REQUIREMENT - Would you repeat the whole listing exactly, pictures excluded?

MATERIAL PROVIDED -
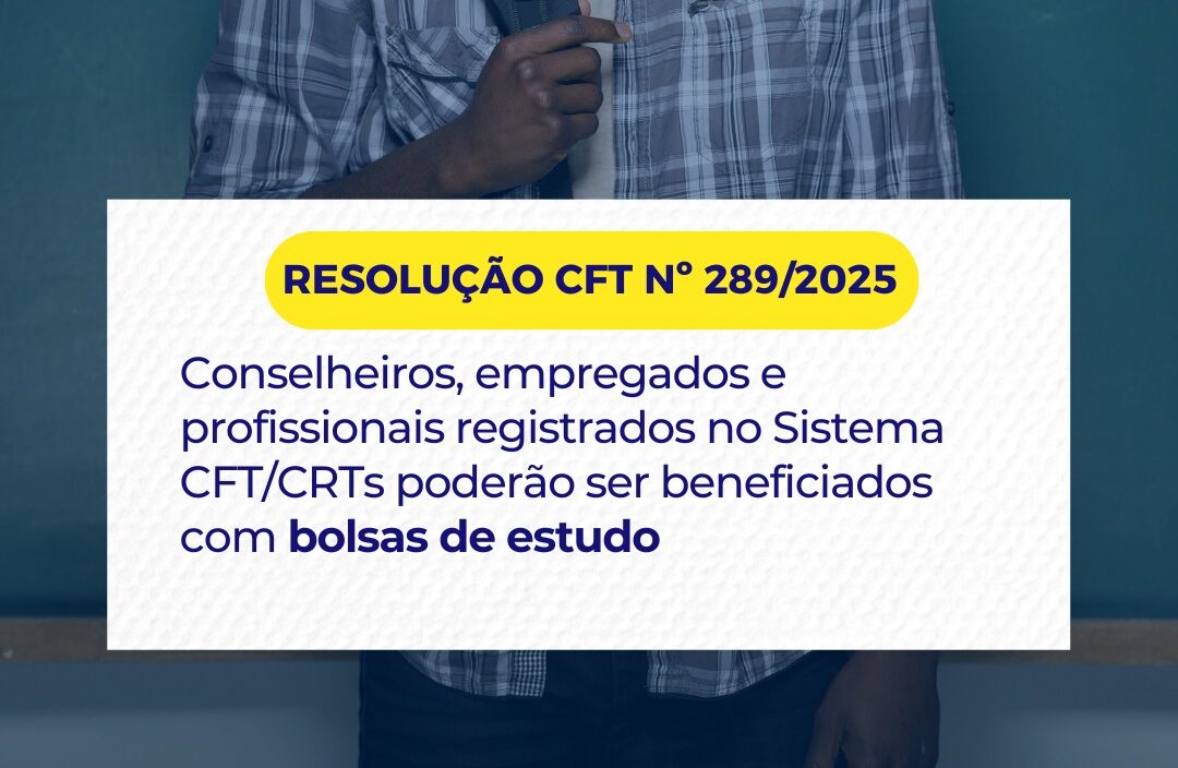 Foi a aprovada a Resolução CFT nº 289/2025 que institui a política de bolsas de estudo no âmbito do Sistema CFT/CRTs.
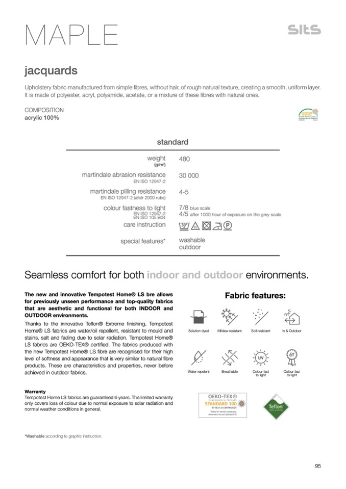 Home® LS fabrics are water/oil repellent, resistant to mould and
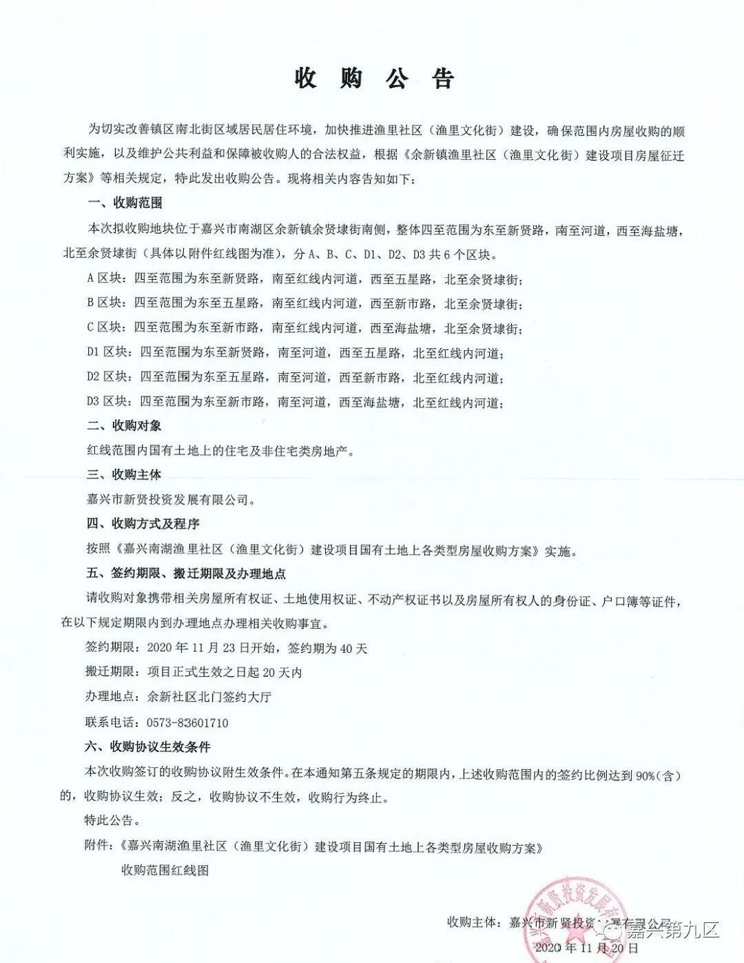余新镇余贤埭街南侧要被征收了,要建设南湖渔里社区。签约从11.23开始,签约期为40天
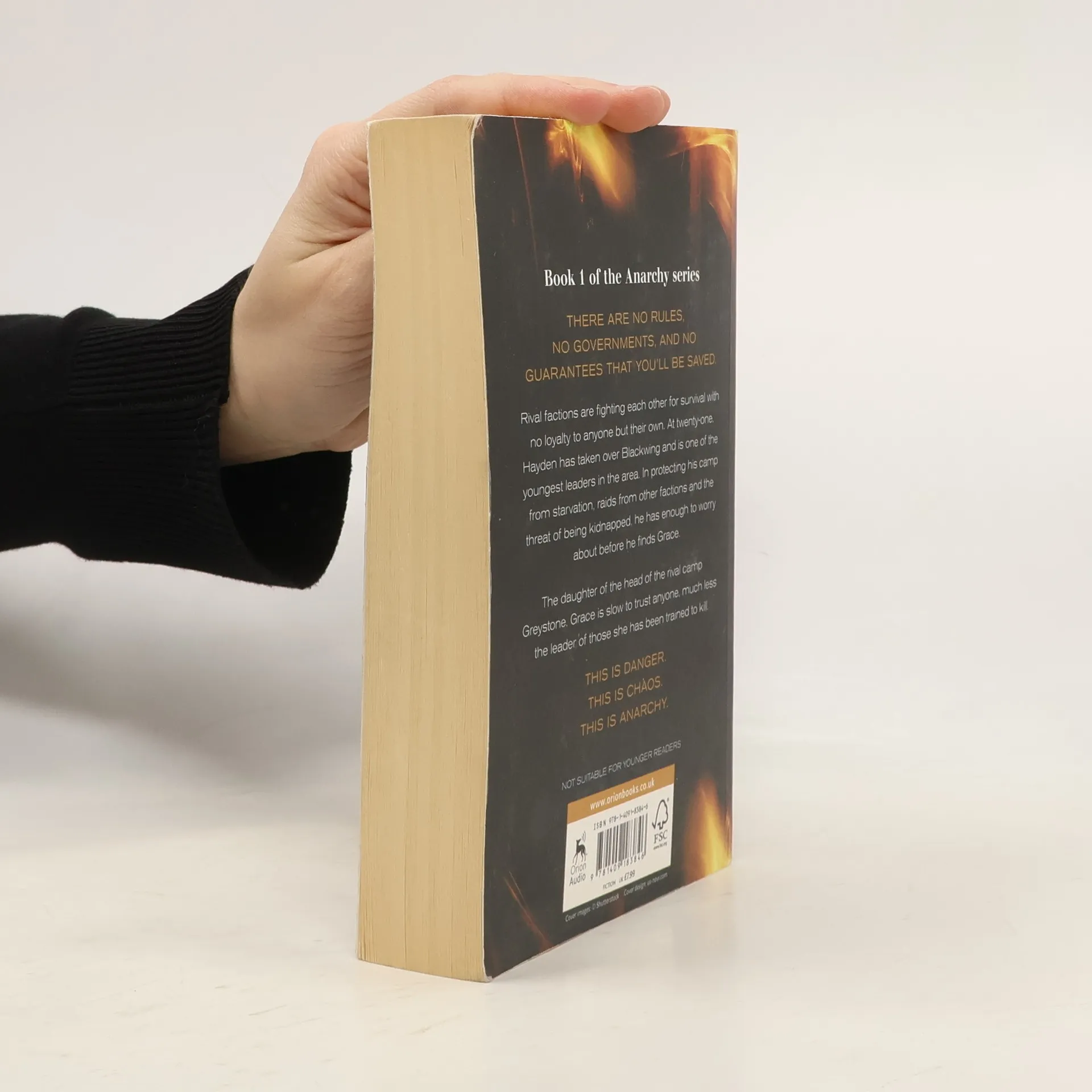 The world is different now. There are no rules, no governments, and no guarantees that you'll be saved.Rival factions have taken over, fighting each other for survival with no loyalty to anyone but their own. At 21, Hayden has taken over Blackwing and is one of the youngest leaders in the area. In protecting his camp from starvation, raids from other factions and the threat of being kidnapped, he has enough to worry about before he finds Grace. The daughter of the head of the rival camp Greystone, she is slow to trust anyone, much less the leader of those she has been trained to kill. This is danger. This is chaos. This is anarchy.

OUTPUT OF THE EXERCISE -
 Foi a aprovada a Resolução CFT nº 289/2025 que institui a política de bolsas de estudo no âmbito do Sistema CFT/CRTs.
 Home® LS fabrics are water/oil repellent, resistant to mould and
余新镇余贤埭街南侧要被征收了,要建设南湖渔里社区。签约从11.23开始,签约期为40天
 The world is different now. There are no rules, no governments, and no guarantees that you'll be saved.Rival factions have taken over, fighting each other for survival with no loyalty to anyone but their own. At 21, Hayden has taken over Blackwing and is one of the youngest leaders in the area. In protecting his camp from starvation, raids from other factions and the threat of being kidnapped, he has enough to worry about before he finds Grace. The daughter of the head of the rival camp Greystone, she is slow to trust anyone, much less the leader of those she has been trained to kill. This is danger. This is chaos. This is anarchy.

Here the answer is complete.